# "Johnny Cash at Folsom and San Quentin: Photographs by Jim Marshall” Live Book Signing



## Meanderer (Apr 22, 2020)

Watch Amelia Davis, Scott B. Bomar & Marty Stuart answer questions from fans during their online book signing! (Photographer, Jim Marshall's book)


----------



## Meanderer (Apr 22, 2020)

Jim Marshall & Johnny Cash


----------



## Meanderer (Apr 23, 2020)

Jim Marshall's Album cover picture





I am always amazed that Johnny  wrote the words to "San Quentin" the day before he sang it for the first time in front of the prisoners at SQ.  He also sang "Boy  named Sue" for the first time, reading from a poem, by Shel Silverstein.   He sang "San Quentin" the first time, pausing between phrases, as the prisoners reacted wildly!

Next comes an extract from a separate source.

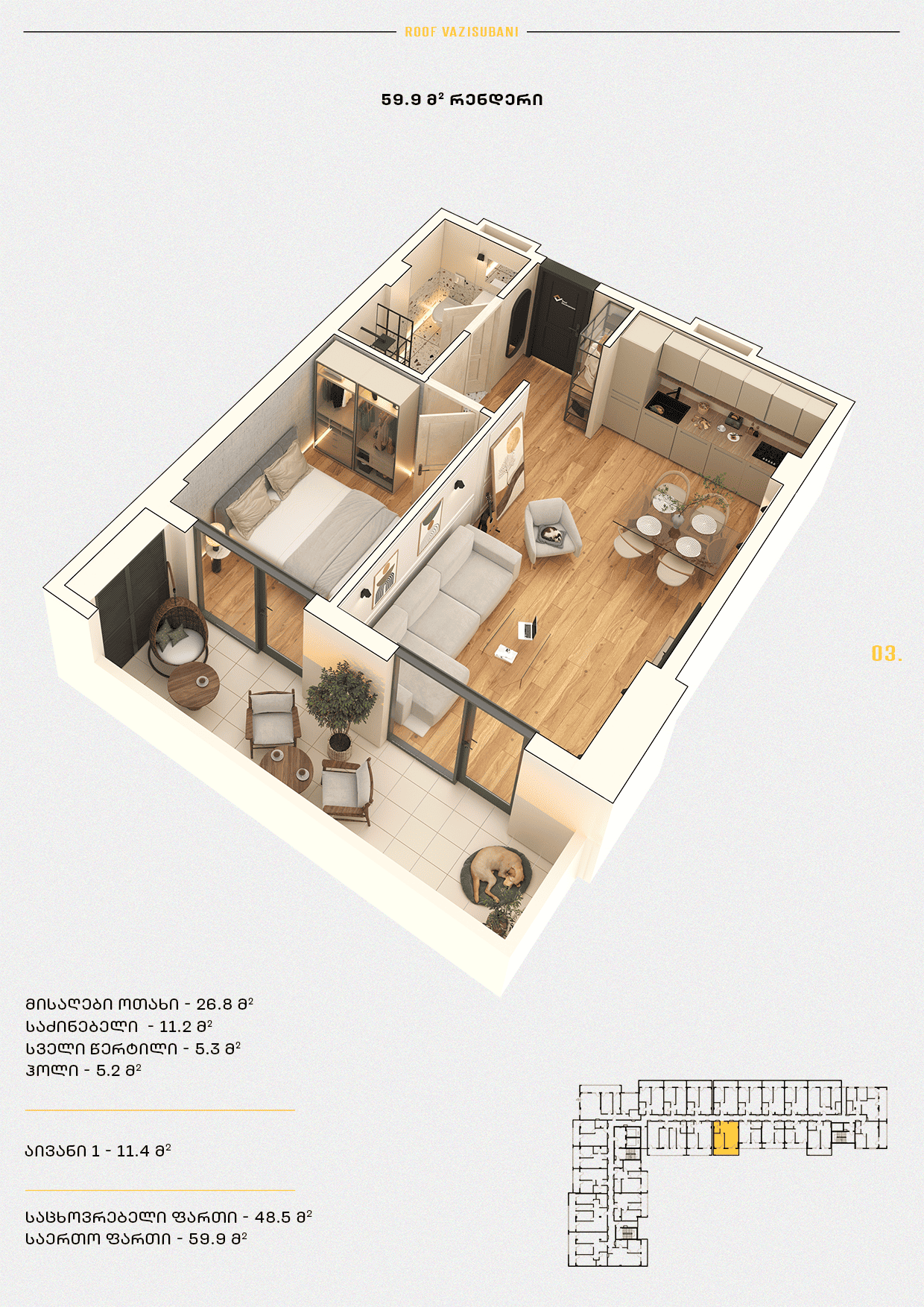 საერთო ფართი: 59.6 კვ.მ

They cried out "One more time"!  

There was electric in the air, and Johnny defused it, by asking for a drink of water.  As a guard brought a glass of water out, the audience BOO'd loudly, and after a drink, he looked in the glass, pretended to pick something out, throw it on the floor, and STOMPED on it!   He then went on to repeat the song, this time at the normal speed, plowing through their reactions.  It was a powerful moment, and he was in control.


----------



## Meanderer (Apr 23, 2020)

Serving Time


----------



## Meanderer (Apr 24, 2020)

"RESTRICTIONS APPLY"......I'll Bet!!!!


----------



## Meanderer (Apr 28, 2020)




----------



## Meanderer (Apr 28, 2020)

"Cash, who had written “Folsom Prison Blues” in 1953, was intrigued by the thought of meeting inmates—and performing his song at the prison that inspired it. In November 1966, he put on a show at Folsom, and in 1968 he decided to return to record an album". 

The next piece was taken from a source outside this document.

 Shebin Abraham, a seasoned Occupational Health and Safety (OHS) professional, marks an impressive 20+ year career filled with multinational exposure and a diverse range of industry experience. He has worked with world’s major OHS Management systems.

Mugshot of Johnny Cash taken at Folsom Prison in 1966, the first time he performed there, apparently taken as a joke with the guards.


----------



## mike4lorie (Apr 29, 2020)

You've got some very impressive history there, till this day Johnny comes on the radio when I'm driving, I crack it right up like an 18-year-old... Lorie gets a kick out of me when I do that... LOL... Thanks for sharing!!


----------



## Meanderer (May 1, 2020)




----------



## Meanderer (May 1, 2020)

The blue denim jumpsuit  (LINK)









_The blue denim jumpsuit that Johnny Cash was wearing in the famous one finger salute photograph has sold at auction for $50,000 dollars.  Cash wore the jumpsuit during the rehearsal for a concert at San Quentin State Prison in 1969. He reportedly “gave the finger” in response to photographer Jim Marshall’s request for a “shot for the warden.”_


----------



## Meanderer (May 1, 2020)

San Quentin is where Cash played his first-ever prison concert on January 1, 1958, A concert that helped set Merle Haggard (then a 20-year-old San Quentin inmate) on the path forward... 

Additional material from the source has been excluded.